The contributions of archaeology to our knowledge of this district

These workshops were located along the Trier road, which, during the construction of the so-called 3rd wall, was enclosed by a gate, the Krudelsporte, first attested in 1395 in the accounts of the baumastery and whose remains, in its configuration of the 2nd half of the 16th century, are still visible in the Robert Krieps room. Archaeological excavations have revealed the remains of the wooden footbridge that spanned the 10-meter wide ditch in front of the gate, which often silted up. Another wooden bridge, the pittit pont desous lou chastel of 1297 (UQB VI, no. 664), also made it possible to reach the left bank of the Alzette and the rue Plaettis with its steam rooms appreciated by the craftsmen at the end of a work week, or the plateau of the Altmünster abbey.

The establishment of a hospital at the beginning of the 14th century

At the beginning of the 14th century, the district was to experience an important settlement. Emperor Henry VII and his wife Marguerite had a church and a hospital built there, dedicated to the Virgin Mary and to Saint John. Under the impetus of Count Jean l’Aveugle, it was the latter that became the most important. In 1321, in order to increase the resources of this charitable institution, Archbishop Baudouin of Trier, brother of the deceased emperor, erected the church into a parish including the few streets in the immediate vicinity, separated from the parish of Saint-Michel which had taken over from the church of Saint-Sauveur. The church of St. John was probably located on the small square in front of the present church. Its cemetery, located to the east of the church, in the cloister and under the buildings of the future Neumünster abbey, which was necessary since the church had obtained parish rights, had to be enlarged and even narrowed the road to Trier; it remained in use until the 17th century. Some 850 graves were excavated and the conclusion was that the sanitary state of the burial site revealed a high infant mortality rate and serious deficiencies resulting from malnutrition and archaic hygienic conditions, as well as the absence of medical care that today could have prevented some premature deaths. As a result, the buried population had a life expectancy at birth of 37 years and of 47 years for men and 43 years for women at the age of 20.

The beginnings of an urbanization

Five houses of identical plan, therefore built together, excavated by archaeologists in the present covered entrance courtyard of the JRC, could have been part of the old hospice which also housed prebendaries who stayed at the hospice until the end of their lives in exchange for the bequest of their fortune. It is true, however, that the dimensions of 3 m by 7 m are a little too large to make them hospice houses. Their regular layout shows a remarkable concern for urban planning for the 14th century. Could they be houses allocated to owners expropriated during the construction of the surrounding wall? The layout of the Trèves road, 10 m wide at the beginning and following the slight bend of the river, the regular orientation of the buildings on this road, and their standardized width suggest to Johnny De Meulemeester the idea that this whole area around Saint-Jean was the object of a planned urbanism that contrasts with the tortuous alleys of the medieval cities that we know elsewhere. The district, located at the level of the Alzette, was regularly flooded, the effects of which are attested to by the urban accounts of 1449, 1452, 1457, 1461, and 1491, which mention bridges washed away by the floods of the Alzette, as well as by the successive raising of the roadway’s gravelling observed by the archaeologists. The latter also had to fight against the regular rise in the water table.

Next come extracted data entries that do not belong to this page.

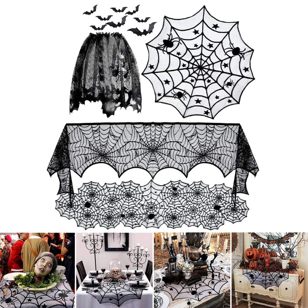Halloween Tablecloth Set - Spider Web, Black Lace Table Cloth, Runner & Fireplace Cloth for Home Decor
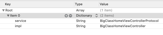 } 3.设置protocol-impClass映射关系 三种方式: 1)使用BeeHive类的-[registerService:service:] 2)使用宏BeeHiveService 3)使用plist文件 该示例中是通过plist文件实现的: //3. 设置protocol-impClass映射关系。使用plist文件注册,在初始化BeeHive时指定plist文件的路径 BHContext.shareInstance()?.serviceConfigName = "BeeHive.bundle/BHService"
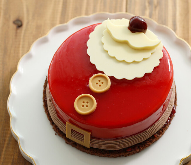 真っ赤なフランボワーズグラサージュの内側は、ほんのりキャラメル風味のショコラムース。バニラのような甘い香りのスパイス「トンカ豆」の風味をとじ込めたまろやかな口どけのブリュレと、キリッとした酸味のフランボワーズのジュレを包みました。サンタのベルトの金具やボタン、おひげは全てチョコレート、赤いお鼻はキルシュ漬けのグリオットチェリーを飾りました。 細部まで丁寧な手仕事でお届けいたします。様々な香りが織りなす豊かな味わいをお楽しみください。
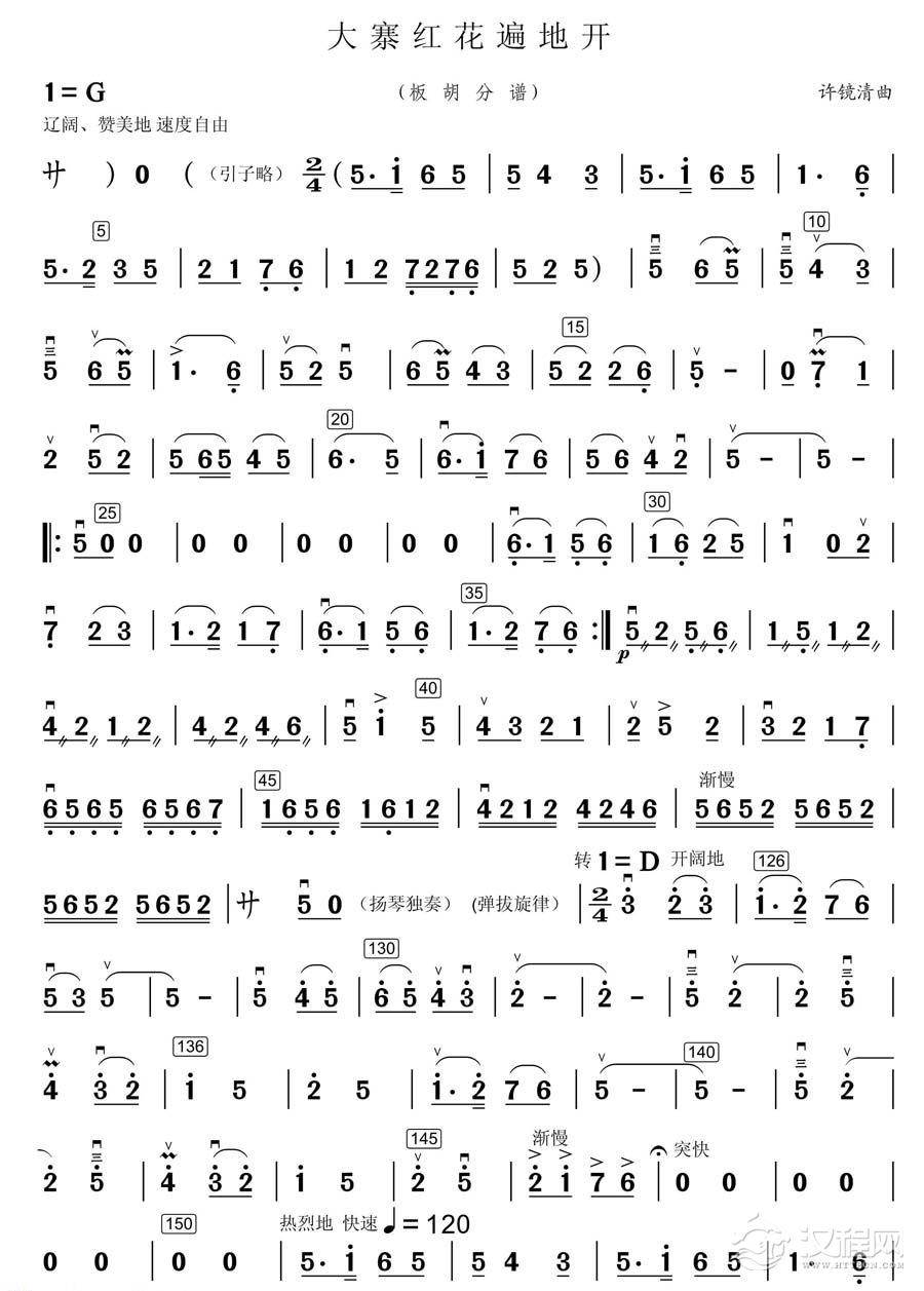曲谱大全板胡谱《大起板》板胡分谱
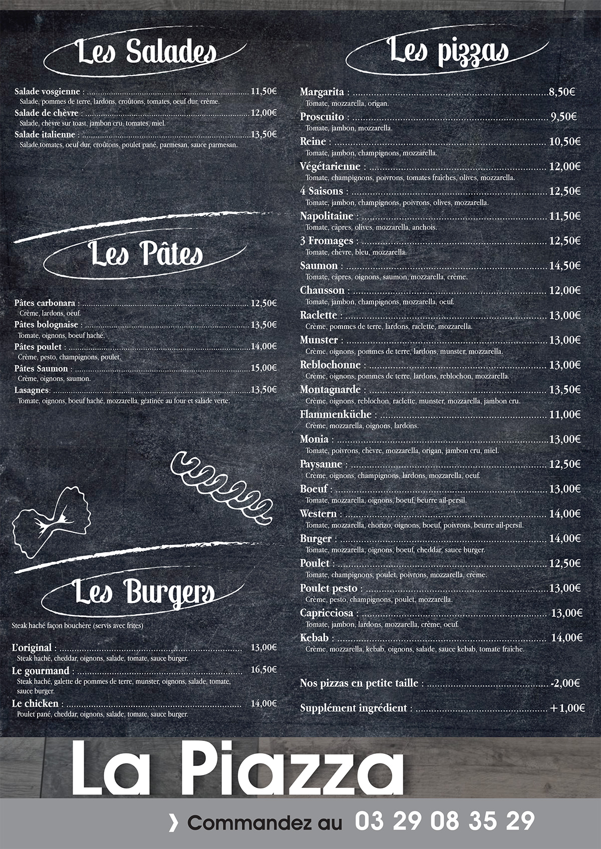 Retrouvez tout le plaisir de la gastronomie à l’italienne avec les pizzas, pâtes, burgers, salades et autres saveurs chez vous…

Beginning and evolution of the monastic life

In 1083, as has been said, Count Conrad of Luxembourg, before leaving for the Holy Land, had begun to build from scratch a House of God in honor and for the veneration of the Prince of the Apostles on this hill where none of (his) ancestors had hitherto worshipped (God), a house in which (he) placed a small community of monks militating under the rule of St. Benedict (UQB I, no. 301). It was built on the terrace downstream from the castle, where a tower of the abbey enclosure still stands today. Michel Margue has confirmed, in a meticulous study, an ancient tradition according to which this community, impregnated with the Cluniac spirit, came from the abbeys of Saint-Airy and Saint-Vanne near Verdun, even if the interpretation that made the abbot Richard of Saint-Vanne a son of Conrad is to be considered as an invention of the modern era. Initially dedicated to St. Peter, like St. Vanne, the abbey, commonly known as (Alt)münster, changed its name in 1123 when Conrad’s son, Count William II, confirmed and strengthened his father’s foundation and placed it under the sign of Our Lady. At the same time, the monastery was placed under the direct dependence of the Holy See and thus freed from the control of St. Vanna and from all secular interference.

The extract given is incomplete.